El Gobierno de Nepal estimó en 586 millones de dólares las pérdidas provocadas por las protestas de la Generación Z ocurridas en septiembre, que dejaron 77 fallecidos y forzaron la salida del entonces primer ministro, el comunista KP Sharma Oli.
El dato proviene de un informe presentado este viernes por el comité de investigación gubernamental, creado para documentar los daños y diseñar un plan de reconstrucción. El documento fue entregado a la primera ministra interina, Sushila Karki, quien asumió el cargo con el respaldo de la propia Generación Z y dirige el país rumbo a las elecciones previstas para marzo de 2026.
Muertes y heridos
El reporte detalla que las manifestaciones dejaron 20 muertos el 8 de septiembre, 37 el día 9 y otros 20 en los días posteriores.
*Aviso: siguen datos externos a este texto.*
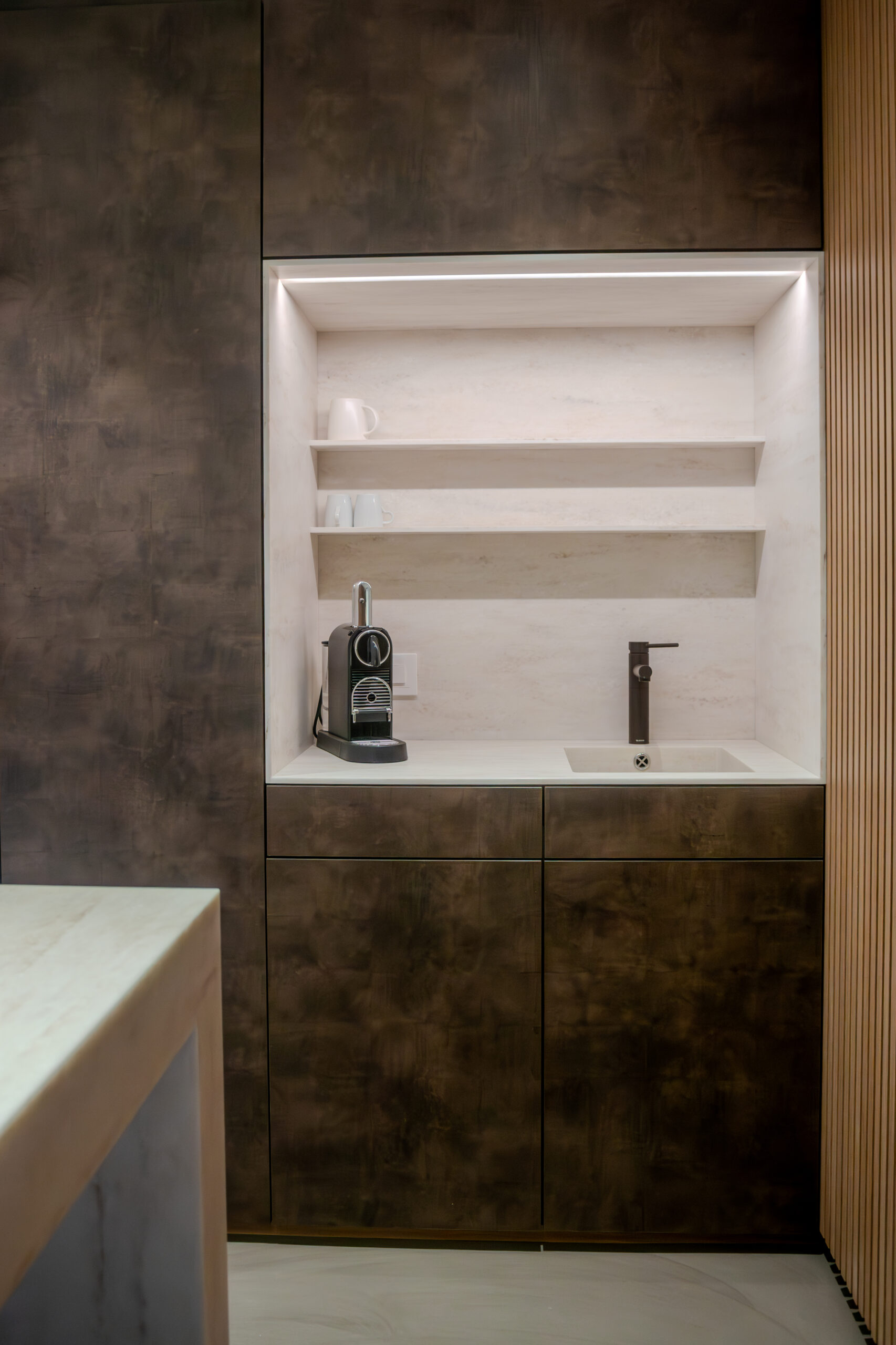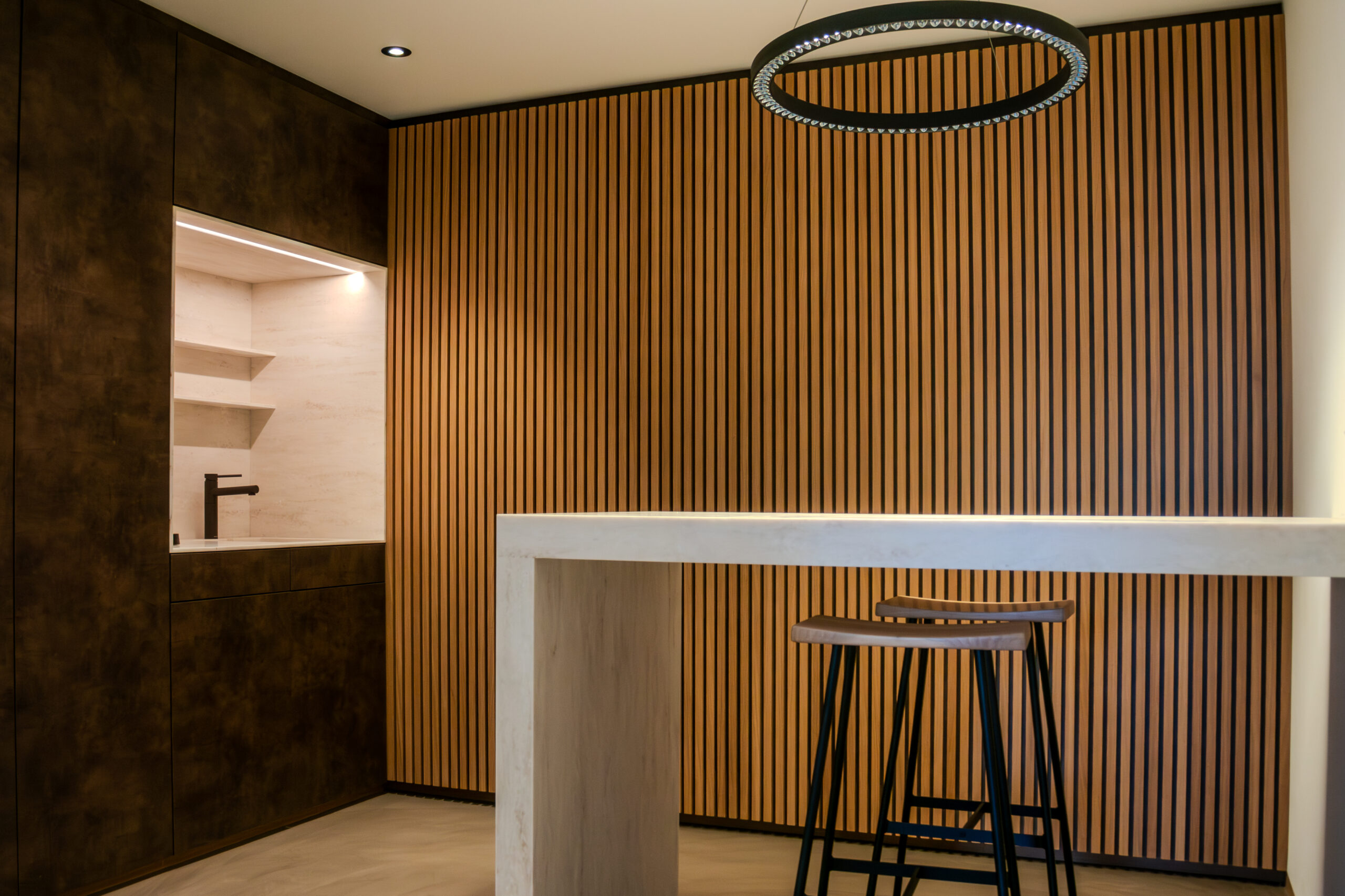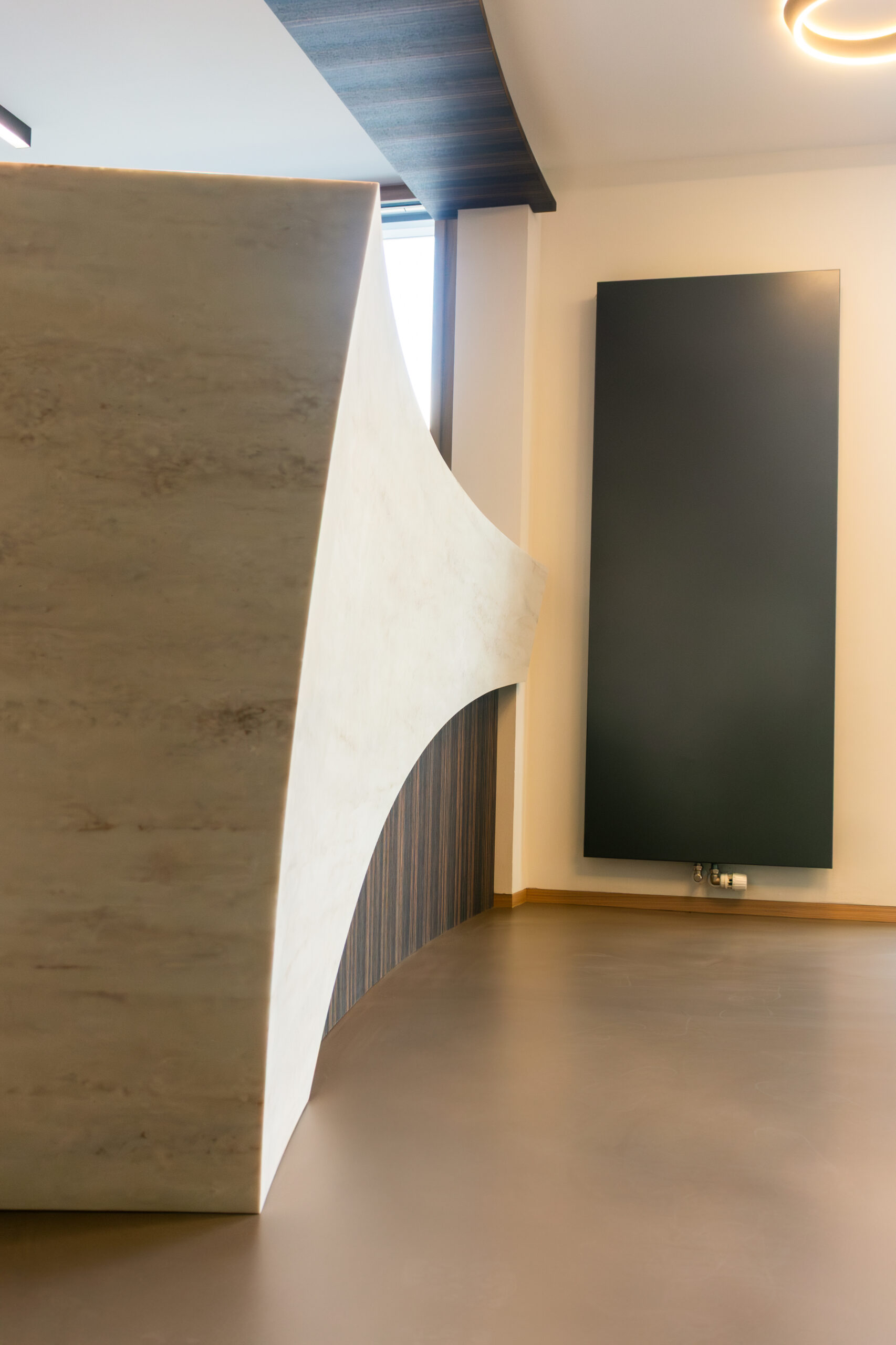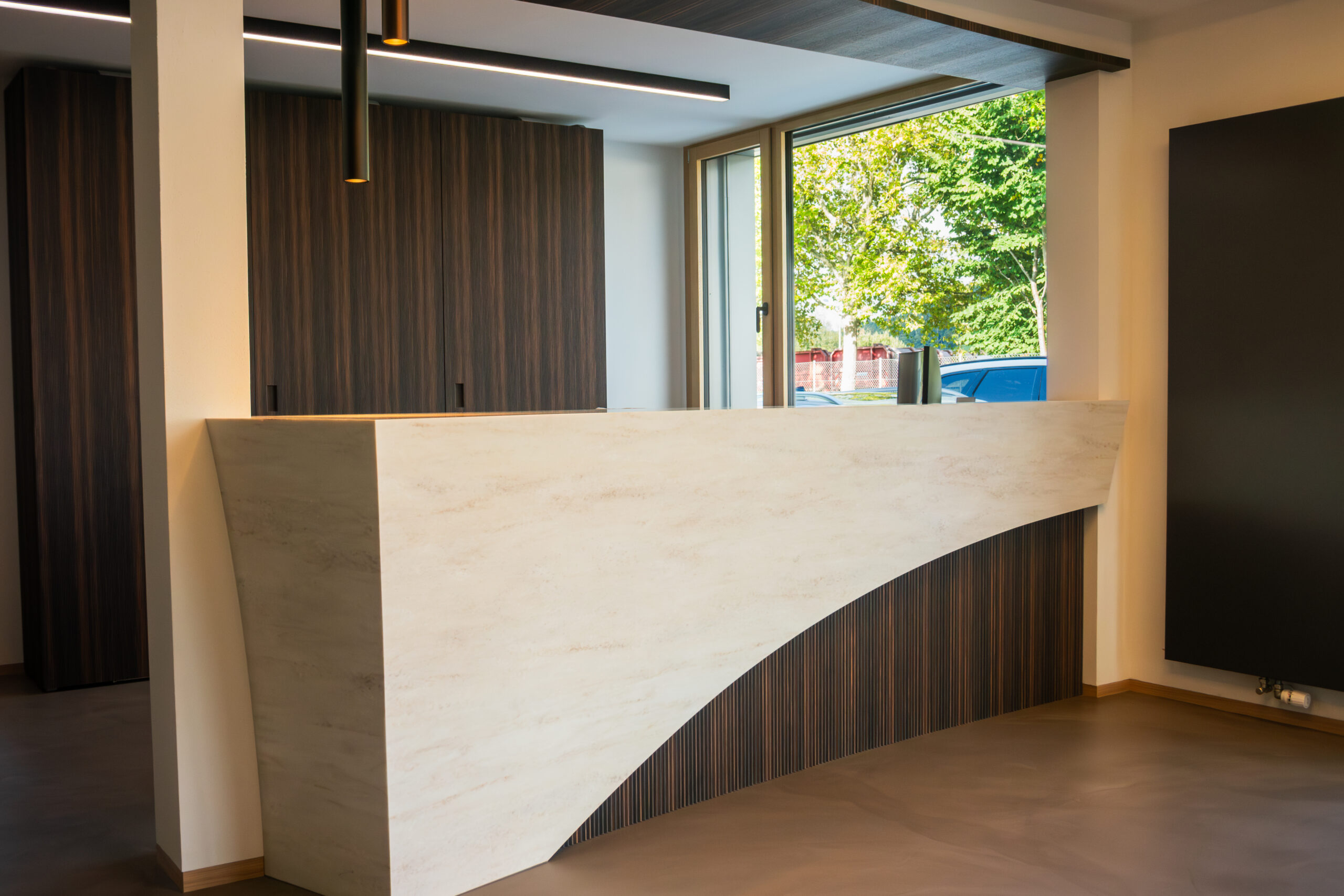 Bureaux administratifs Minnig SA Lieu Bulle Catégorie Agencement intérieur Date 2025 Réalisations Réception, cuisinette, table réunion, meuble lavabo Photos Minnig SA / Inventaire SA Projet & fabrication Minnig SA
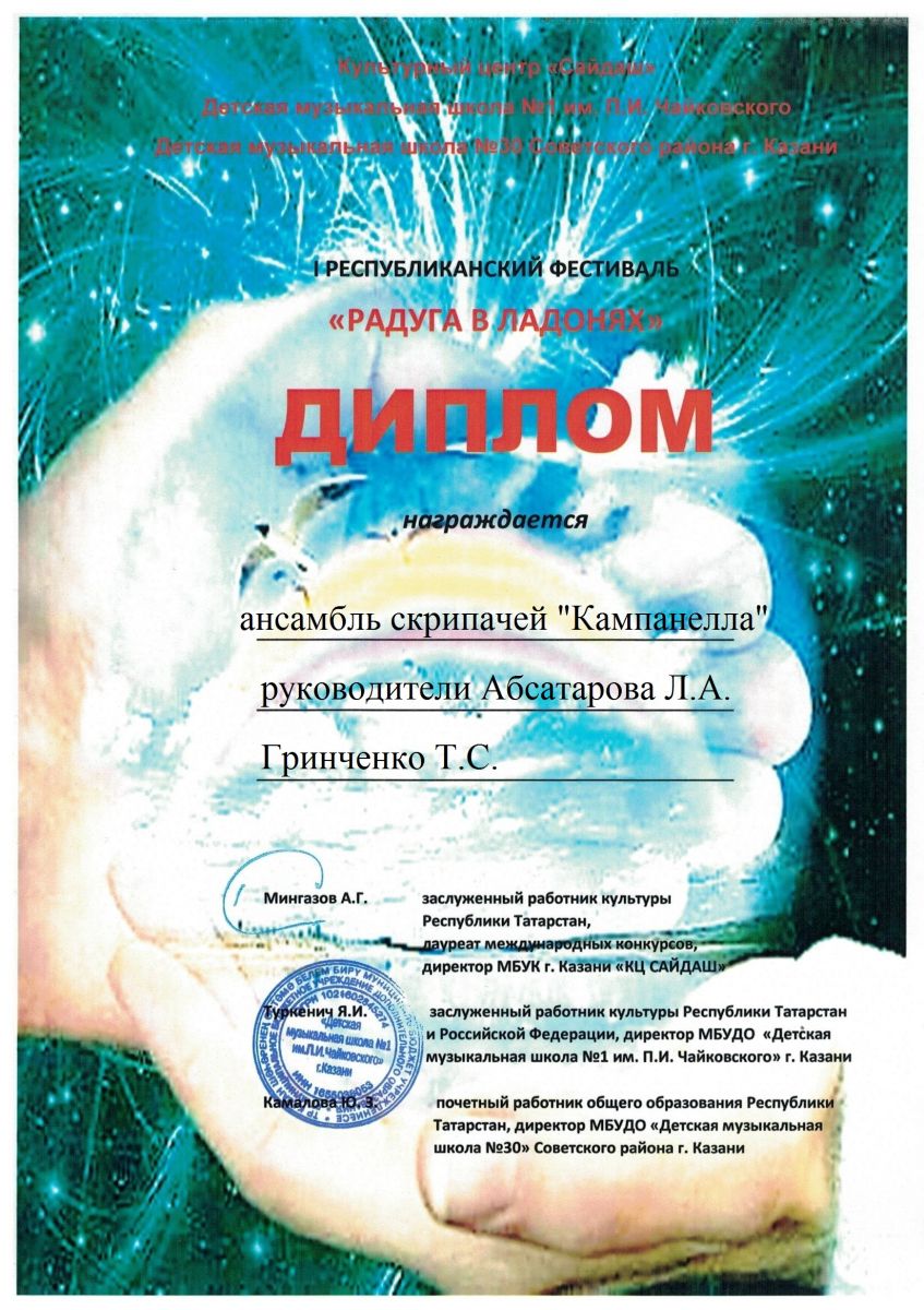 I Республиканский фестиваль "Радуга в ладонях" - ансамбль скрипачей "Кампанелла" - диплом

Más de 2.400 personas resultaron heridas, entre ellas 17 menores de 13 años y más de 1.400 jóvenes menores de 28.
Daños materiales masivos
Las pérdidas incluyen afectaciones a 2.168 unidades de infraestructura pública, con 2.671 edificios dañados por un valor de 272,72 millones de dólares. Además, 12.659 vehículos resultaron afectados, causando pérdidas estimadas en 89,70 millones de dólares, mientras que el sector privado registró daños por 232,69 millones.
Del total de daños gubernamentales, el 68 % corresponde al ámbito federal, mientras que el 10 % afecta a gobiernos provinciales y el 22 % a administraciones locales.
Reconstrucción
El comité calculó que se necesitarán 251,83 millones de dólares para reparar las estructuras dañadas y propuso un plan de acción que deberá ejecutarse en los próximos meses.